(Extracted data entries)
----

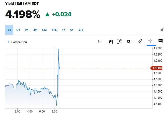 [뉴욕=이데일리 김상윤 특파원] 미국의 1분기 경제성장률이 예상보다 크게 위축됐다는 소식에 뉴욕증시 3대지수 선물은 하락하고, 국채금리는 치솟고 있다. 경제는 위축되면서 물가는 상승하는 스태그플레이션 우려가 다시 나오고 있다.
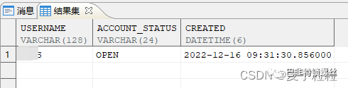-- 通过字典表 dba_users 查看基本信息SELECT username,account_status,created FROM dba_users WHERE username='DM';
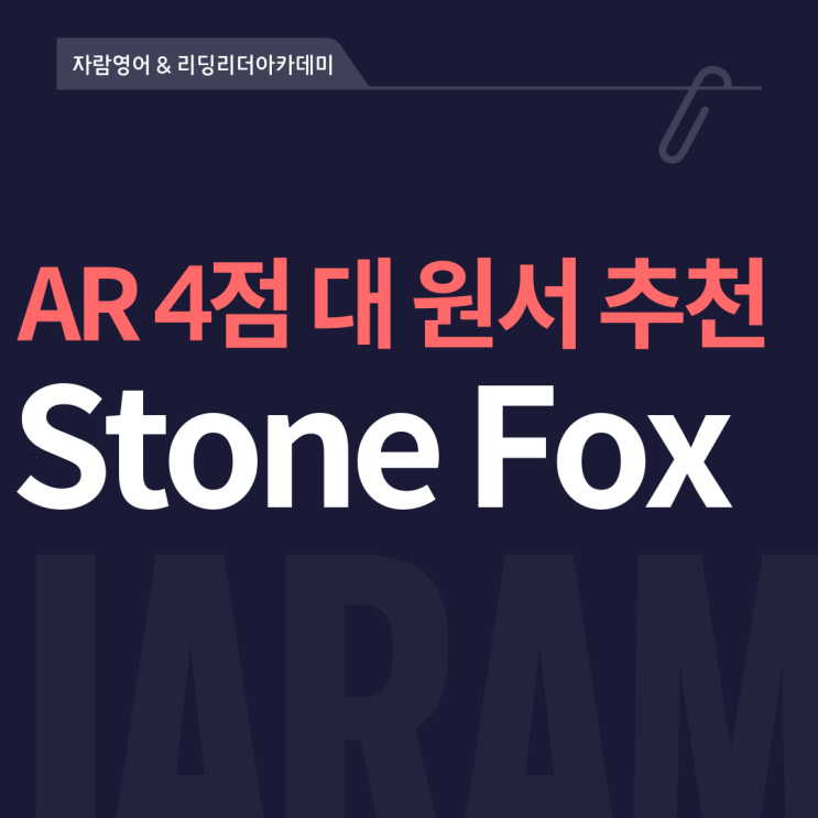 안녕하세요. Beyond the Limit Circulation & Integration Fruit of Growth 아이들의 무한한 가능성을 생각하고 언어 학습을 유기적으로 연결 통합하며, 동기부여 하는 교육을 지향하는 일직동 광명역 앞에 위치한 초중고 영어 전문 어학원 '자람영어 & 리딩리더아카데미' 입니다. 미국의 역사적 배경을 알 수 있는 짧지만 감동적인 이야기! 모험 이야기, 감동적인 서사, 뚜렷한 주제가 있는 책을 좋아하는 아이들에게 추천하고 싶은 책! 오늘 빅원장의 원서추천 시간에서는 <Stone Fox> 도서를 소개 하겠습니다. 짧은 문장과 명확한 스토리 구조, 그리고 감정선이 분명한 전개이기 때문에 초등 고학년 아이들이 읽으면....... <img src="https://blogthumb.pstatic.net/MjAyNTEyMDNfMjY5/MDAxNzY0NzQ3MDY2NDkx.68W9VEh69iS0AGkeH-_aI5MTKlDQexbNe6NtQNQuaqEg.tQmWcRQaRakLQXiYuDFSRyi-zeXUzUgdrQdsS92zEqYg.PNG/001.png?type=s3" />
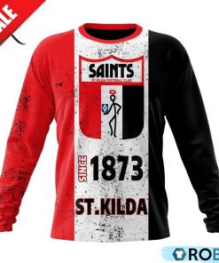 The St Kilda Football Club, based in Melbourne, Australia, boasts a rich history and a fiercely loyal fanbase. The retro heritage design of this hoodie pays homage to the club’s storied past, featuring classic colors and emblems that evoke nostalgia for long-time supporters. This garment is a must-have for any Saints fan looking to showcase their pride in style. The cozy hoodie is perfect for keeping warm at games or showing team spirit while out and about. Its unique design sets it apart from typical team merchandise, making it a standout piece in any fan’s wardrobe. Whether worn on game day or as everyday casual wear, this hoodie is sure to make a statement and spark conversations among fellow St Kilda enthusiasts.
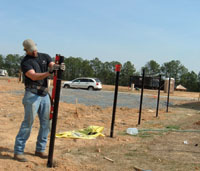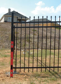 When laying out the fence, sketch your site plan on paper, including measurements, fence lines and notes for all post, corner and gate locations. The fence system featured in this article is the Montage Fence from Ameristar, which comes with pre-assembled panels. The 8-foot panels were designed to connect to the metal posts with special brackets, so no welding was required. On our site plan, we marked post locations following the property line every 96-3/4 inches (according to Ameristar's instructions). When the property limit didn't leave room for an entire 8-foot panel, we shortened the span between posts with the intent of cutting the panels to size when it came time to install.
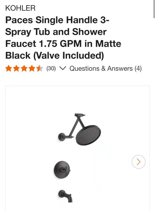 KOHLER Paces Single Handle 3-Spray Tub and Shower Faucet 1.75 GPM in Matte Black (Valve Included)”
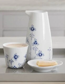 Alfabetkrusene er inspireret af Royal Copenhagens Musselmalet Riflet stel, som er det først stel og er helt tilbage fra 1775. Du kan genkende den klassiske form på højhankskoppen fra 1884.
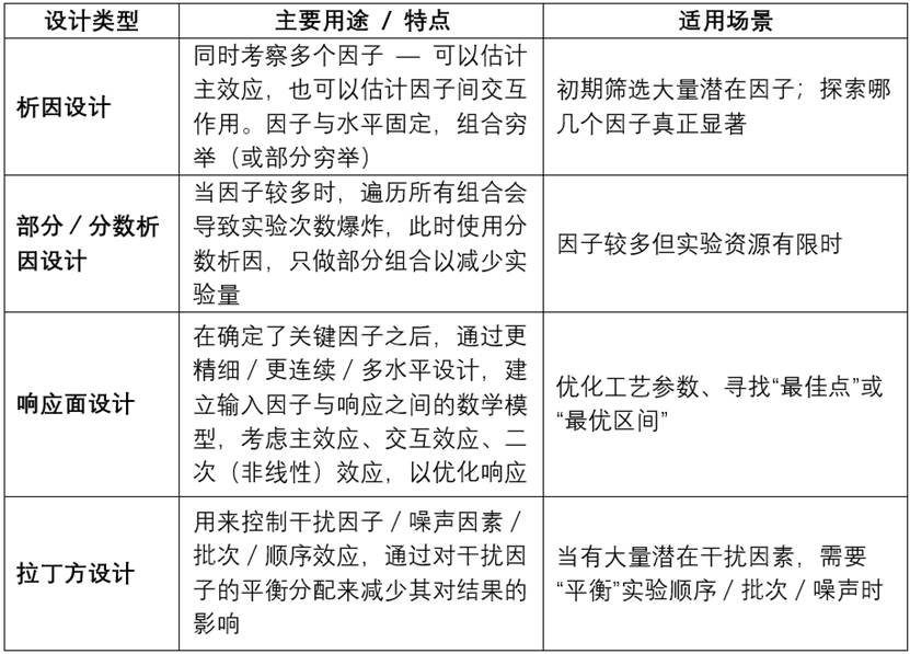 DOE 并不只有一种形式,而是包含析因设计、响应面设计、拉丁方设计等多种设计方案,应根据研究目的(筛选、优化、噪声控制等)选择最合适的一种。
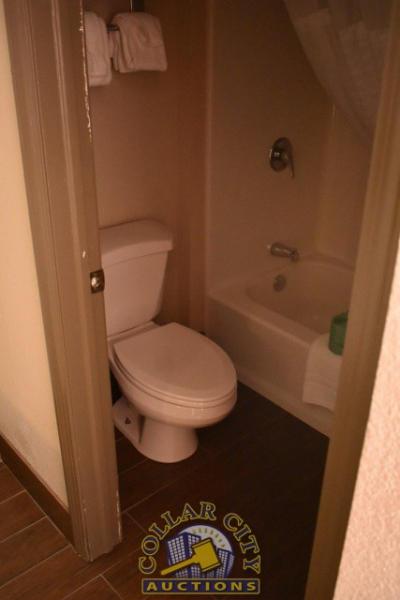 #35 – ROOM CONTENTS OF ROOM 508 (DOUBLE FULL BED ROOM) CONSISTING OF: DOUBLE BED FRAME, WALL MOUNT HEADBOARD, INCLUDING FREE MATTRESS AND BOX SPRING; NIGHTSTAND; DRESSER; ASSORTED CHAIRS AND LAMPS; SINK; TOILET. MIRRORS ARE NOT INCLUDED. BEDDING, TVs, COFFEE MAKERS, ETC., IN ANY PHOTOS ARE NOT INCLUDED.
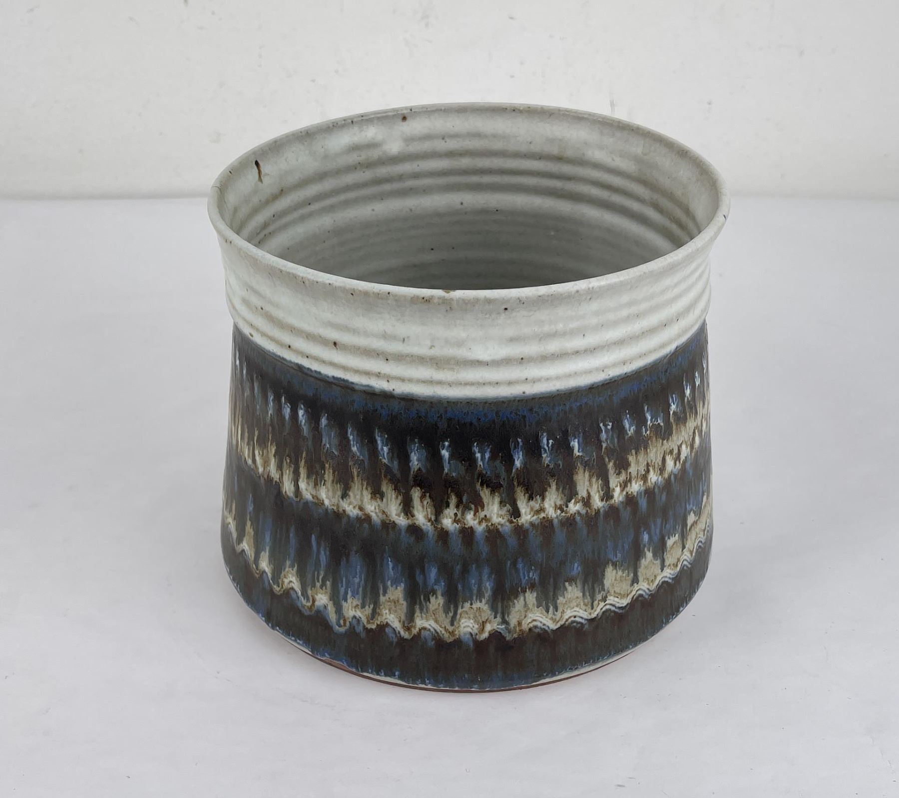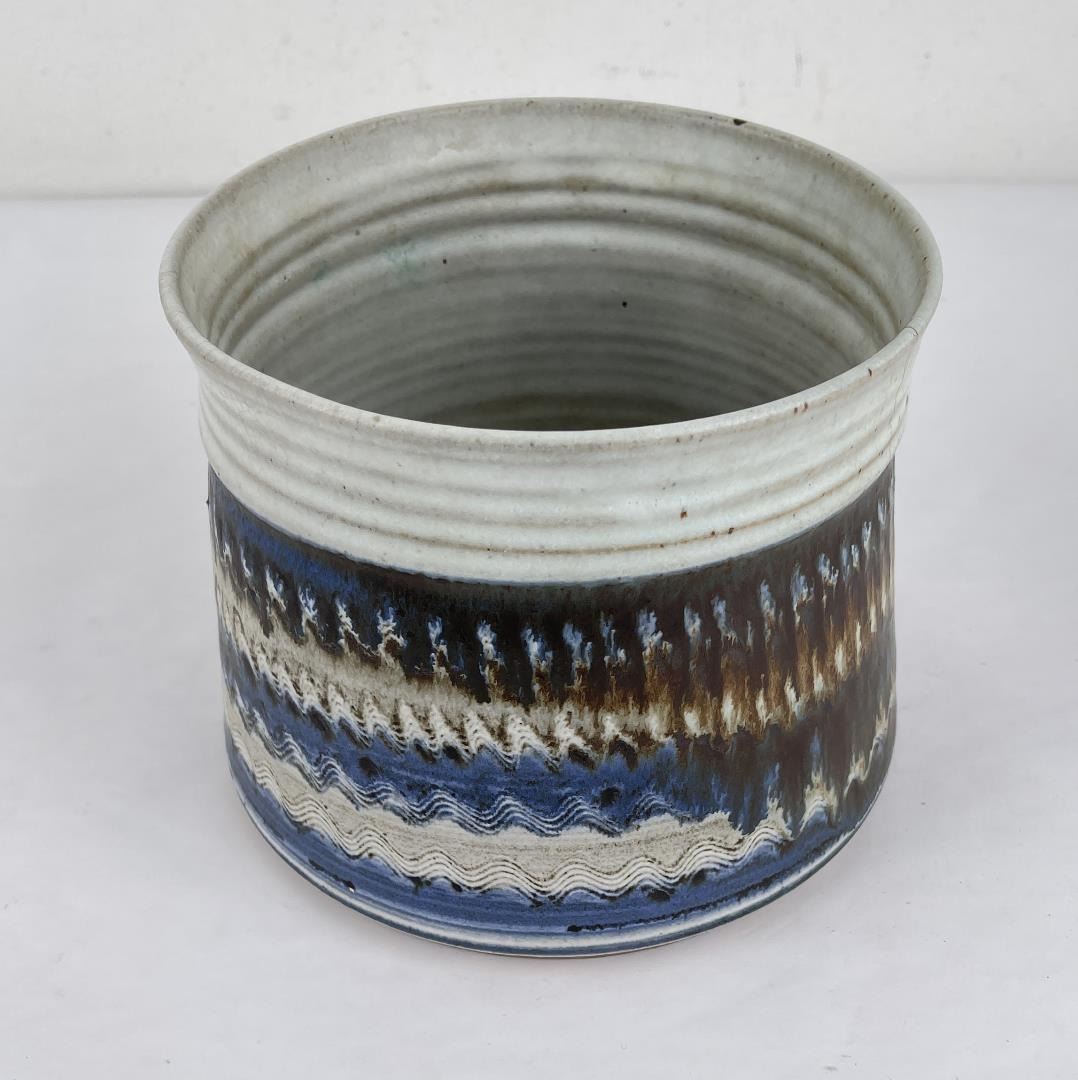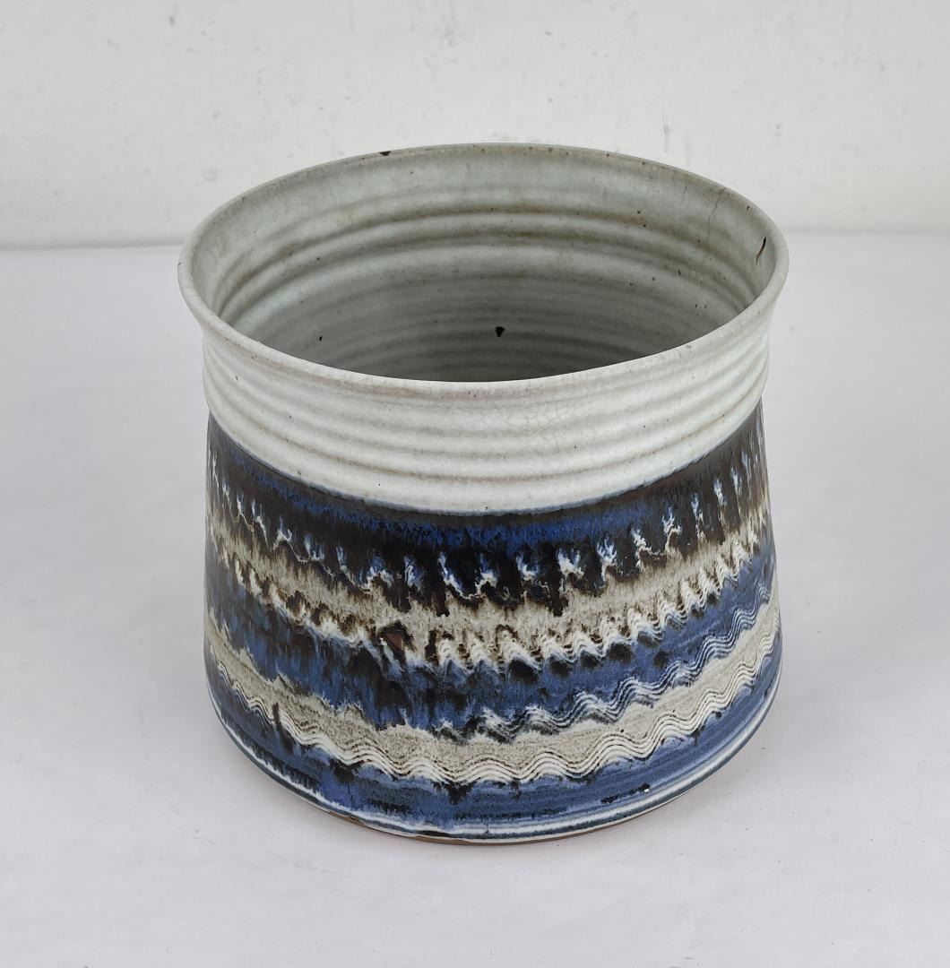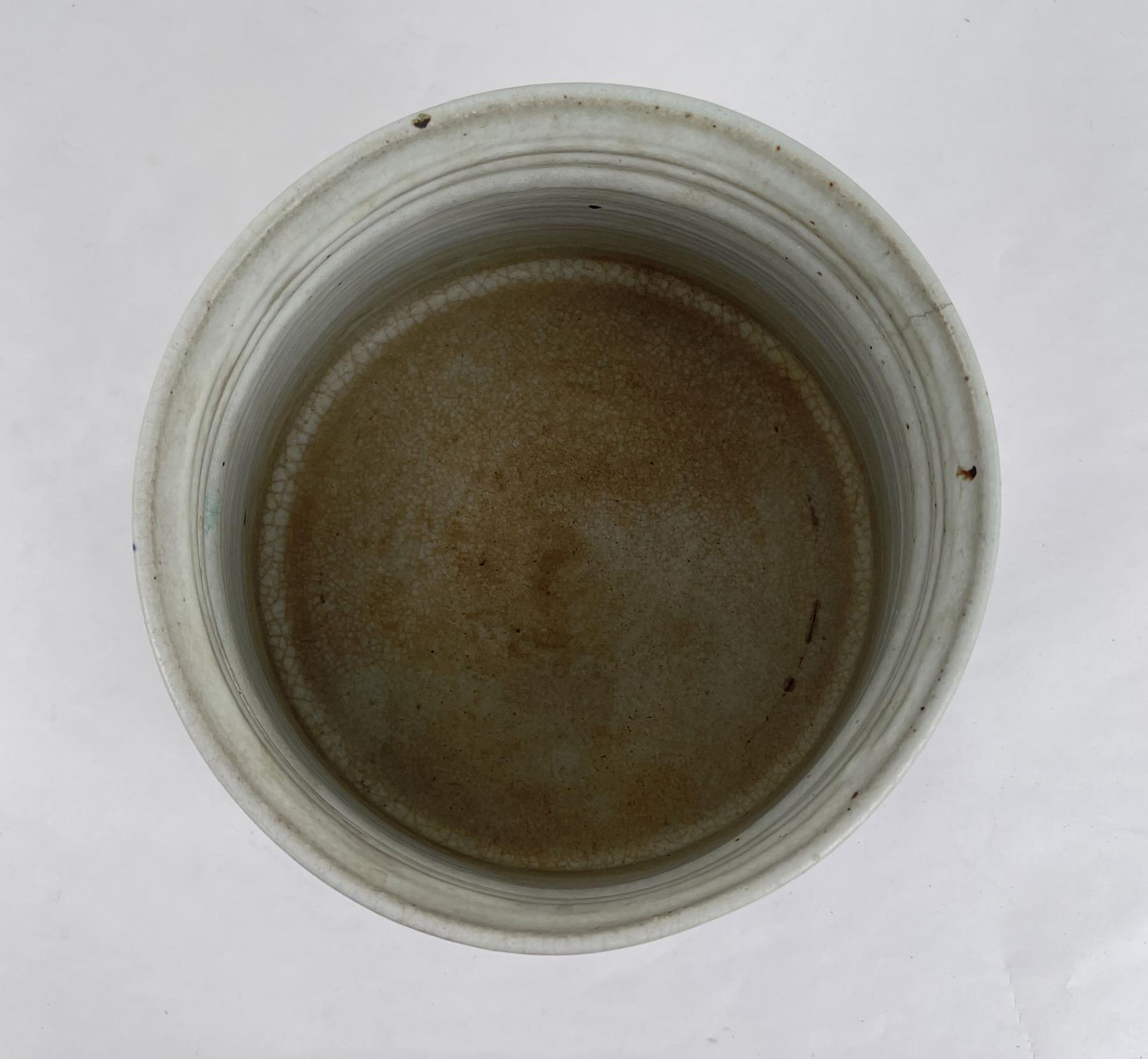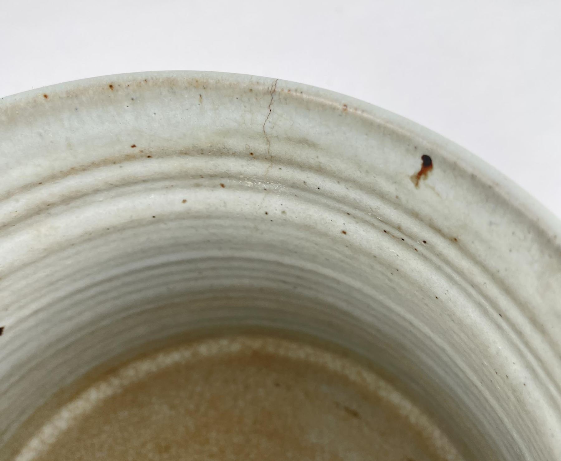 Signed as shown. 6.5" tall, 7" diameter. Cracked.

----

◆ WHAT YOU ARE ASKED TO DO:
What you return must match each record exactly and contain no images.

◆ RESPONSE FOR THIS EXERCISE:
 [뉴욕=이데일리 김상윤 특파원] 미국의 1분기 경제성장률이 예상보다 크게 위축됐다는 소식에 뉴욕증시 3대지수 선물은 하락하고, 국채금리는 치솟고 있다. 경제는 위축되면서 물가는 상승하는 스태그플레이션 우려가 다시 나오고 있다.
-- 通过字典表 dba_users 查看基本信息SELECT username,account_status,created FROM dba_users WHERE username='DM';
 안녕하세요. Beyond the Limit Circulation & Integration Fruit of Growth 아이들의 무한한 가능성을 생각하고 언어 학습을 유기적으로 연결 통합하며, 동기부여 하는 교육을 지향하는 일직동 광명역 앞에 위치한 초중고 영어 전문 어학원 '자람영어 & 리딩리더아카데미' 입니다. 미국의 역사적 배경을 알 수 있는 짧지만 감동적인 이야기! 모험 이야기, 감동적인 서사, 뚜렷한 주제가 있는 책을 좋아하는 아이들에게 추천하고 싶은 책! 오늘 빅원장의 원서추천 시간에서는 <Stone Fox> 도서를 소개 하겠습니다. 짧은 문장과 명확한 스토리 구조, 그리고 감정선이 분명한 전개이기 때문에 초등 고학년 아이들이 읽으면....... <img src="https://blogthumb.pstatic.net/MjAyNTEyMDNfMjY5/MDAxNzY0NzQ3MDY2NDkx.68W9VEh69iS0AGkeH-_aI5MTKlDQexbNe6NtQNQuaqEg.tQmWcRQaRakLQXiYuDFSRyi-zeXUzUgdrQdsS92zEqYg.PNG/001.png?type=s3" />
 The St Kilda Football Club, based in Melbourne, Australia, boasts a rich history and a fiercely loyal fanbase. The retro heritage design of this hoodie pays homage to the club’s storied past, featuring classic colors and emblems that evoke nostalgia for long-time supporters. This garment is a must-have for any Saints fan looking to showcase their pride in style. The cozy hoodie is perfect for keeping warm at games or showing team spirit while out and about. Its unique design sets it apart from typical team merchandise, making it a standout piece in any fan’s wardrobe. Whether worn on game day or as everyday casual wear, this hoodie is sure to make a statement and spark conversations among fellow St Kilda enthusiasts.
 When laying out the fence, sketch your site plan on paper, including measurements, fence lines and notes for all post, corner and gate locations. The fence system featured in this article is the Montage Fence from Ameristar, which comes with pre-assembled panels. The 8-foot panels were designed to connect to the metal posts with special brackets, so no welding was required. On our site plan, we marked post locations following the property line every 96-3/4 inches (according to Ameristar's instructions). When the property limit didn't leave room for an entire 8-foot panel, we shortened the span between posts with the intent of cutting the panels to size when it came time to install.
 KOHLER Paces Single Handle 3-Spray Tub and Shower Faucet 1.75 GPM in Matte Black (Valve Included)”
 Alfabetkrusene er inspireret af Royal Copenhagens Musselmalet Riflet stel, som er det først stel og er helt tilbage fra 1775. Du kan genkende den klassiske form på højhankskoppen fra 1884.
 DOE 并不只有一种形式,而是包含析因设计、响应面设计、拉丁方设计等多种设计方案,应根据研究目的(筛选、优化、噪声控制等)选择最合适的一种。
 #35 – ROOM CONTENTS OF ROOM 508 (DOUBLE FULL BED ROOM) CONSISTING OF: DOUBLE BED FRAME, WALL MOUNT HEADBOARD, INCLUDING FREE MATTRESS AND BOX SPRING; NIGHTSTAND; DRESSER; ASSORTED CHAIRS AND LAMPS; SINK; TOILET. MIRRORS ARE NOT INCLUDED. BEDDING, TVs, COFFEE MAKERS, ETC., IN ANY PHOTOS ARE NOT INCLUDED.
 Signed as shown. 6.5" tall, 7" diameter. Cracked.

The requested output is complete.